*** Opening of RAW DATA ***

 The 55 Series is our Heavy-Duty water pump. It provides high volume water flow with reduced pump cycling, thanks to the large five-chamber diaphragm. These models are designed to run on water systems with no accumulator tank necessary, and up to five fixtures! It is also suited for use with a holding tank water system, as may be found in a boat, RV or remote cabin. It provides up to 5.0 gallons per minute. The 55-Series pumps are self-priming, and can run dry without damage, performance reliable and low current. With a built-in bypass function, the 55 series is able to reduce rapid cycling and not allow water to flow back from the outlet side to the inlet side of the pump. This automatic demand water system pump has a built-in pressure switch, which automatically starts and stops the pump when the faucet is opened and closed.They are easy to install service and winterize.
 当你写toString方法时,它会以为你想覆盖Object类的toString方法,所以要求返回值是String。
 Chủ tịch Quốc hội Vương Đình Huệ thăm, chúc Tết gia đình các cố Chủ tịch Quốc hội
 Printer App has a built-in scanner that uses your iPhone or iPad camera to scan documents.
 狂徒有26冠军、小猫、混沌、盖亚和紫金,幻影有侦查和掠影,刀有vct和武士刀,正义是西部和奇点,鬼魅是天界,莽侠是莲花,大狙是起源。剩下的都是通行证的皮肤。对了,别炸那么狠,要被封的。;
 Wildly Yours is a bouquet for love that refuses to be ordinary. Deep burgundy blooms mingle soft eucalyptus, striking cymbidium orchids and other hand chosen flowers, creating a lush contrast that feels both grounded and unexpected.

*** Close of RAW DATA ***
*** Opening of RAW DATA ***

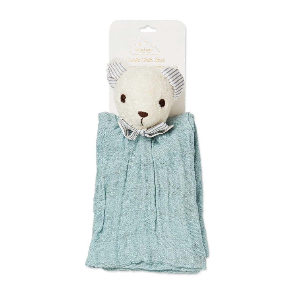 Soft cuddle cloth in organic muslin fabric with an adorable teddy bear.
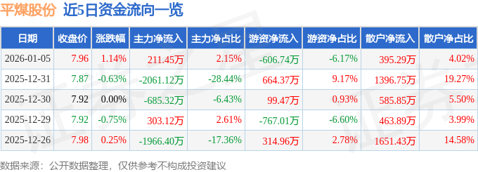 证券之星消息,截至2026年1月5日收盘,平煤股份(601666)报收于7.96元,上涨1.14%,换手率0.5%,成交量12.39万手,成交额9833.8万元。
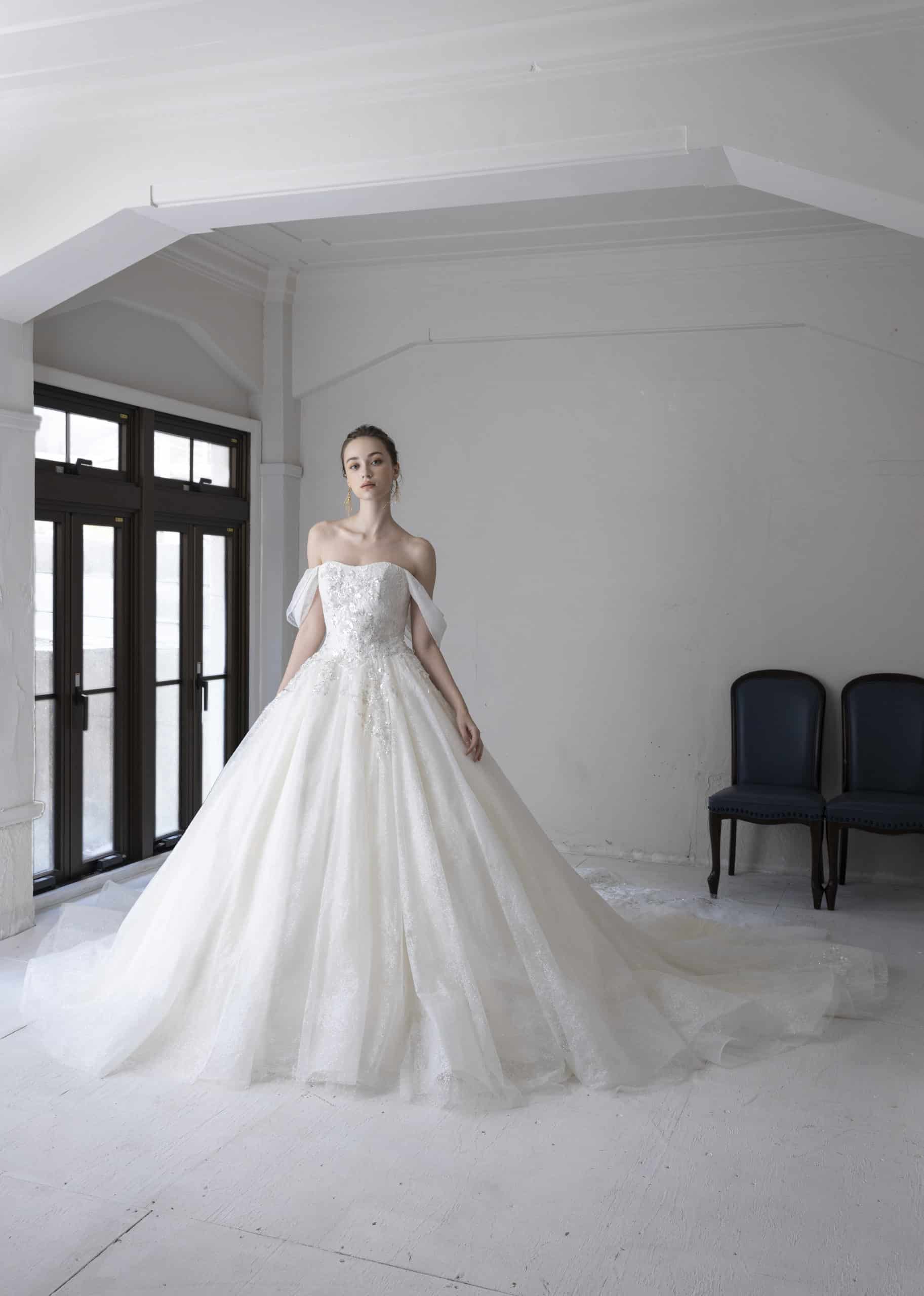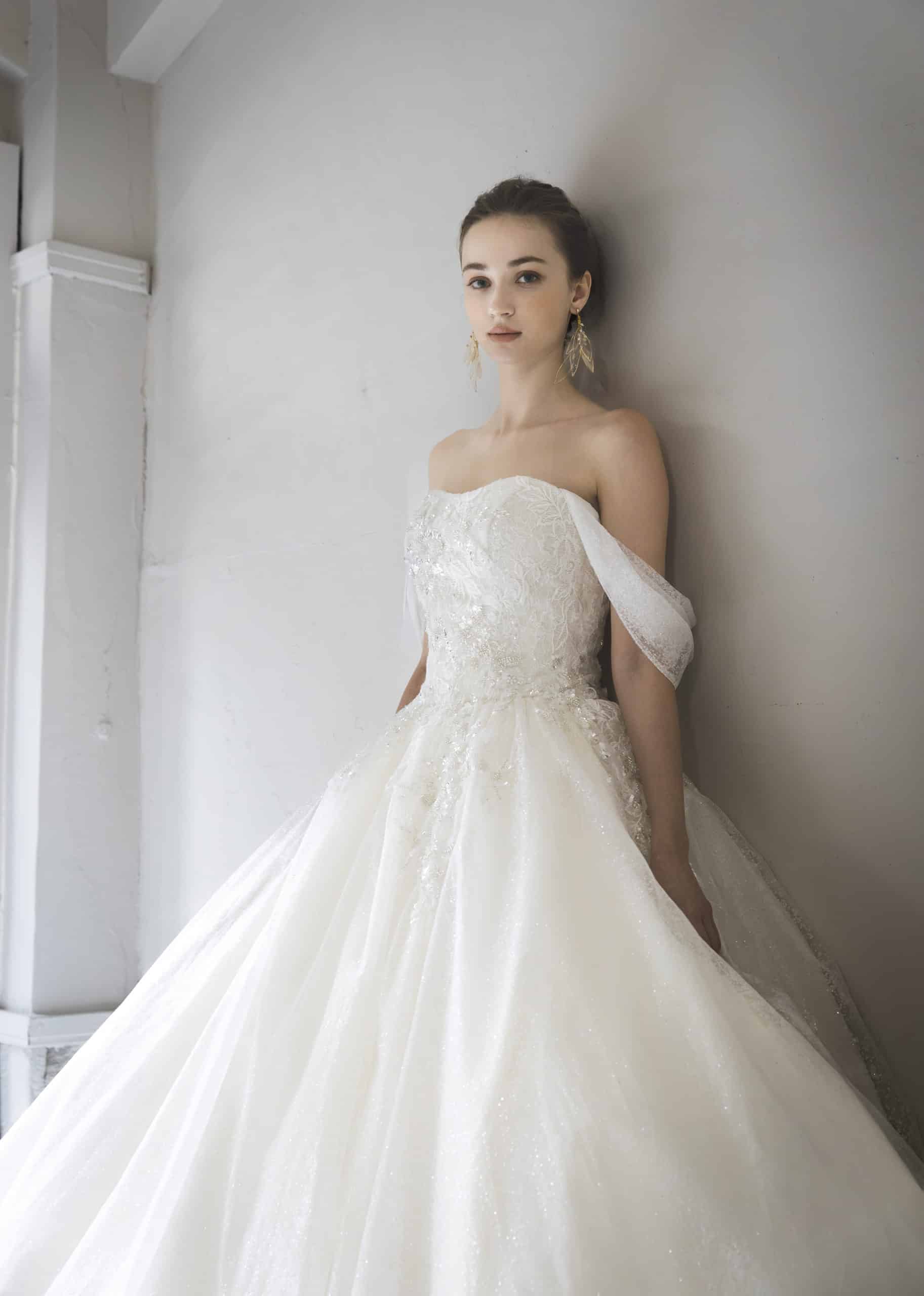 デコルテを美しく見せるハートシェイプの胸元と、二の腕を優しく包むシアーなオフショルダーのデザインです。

*** Close of RAW DATA ***

For each line of the listing that holds the word "built", show that line.

- _ANSWER SPACE_:
 The 55 Series is our Heavy-Duty water pump. It provides high volume water flow with reduced pump cycling, thanks to the large five-chamber diaphragm. These models are designed to run on water systems with no accumulator tank necessary, and up to five fixtures! It is also suited for use with a holding tank water system, as may be found in a boat, RV or remote cabin. It provides up to 5.0 gallons per minute. The 55-Series pumps are self-priming, and can run dry without damage, performance reliable and low current. With a built-in bypass function, the 55 series is able to reduce rapid cycling and not allow water to flow back from the outlet side to the inlet side of the pump. This automatic demand water system pump has a built-in pressure switch, which automatically starts and stops the pump when the faucet is opened and closed.They are easy to install service and winterize.
 Printer App has a built-in scanner that uses your iPhone or iPad camera to scan documents.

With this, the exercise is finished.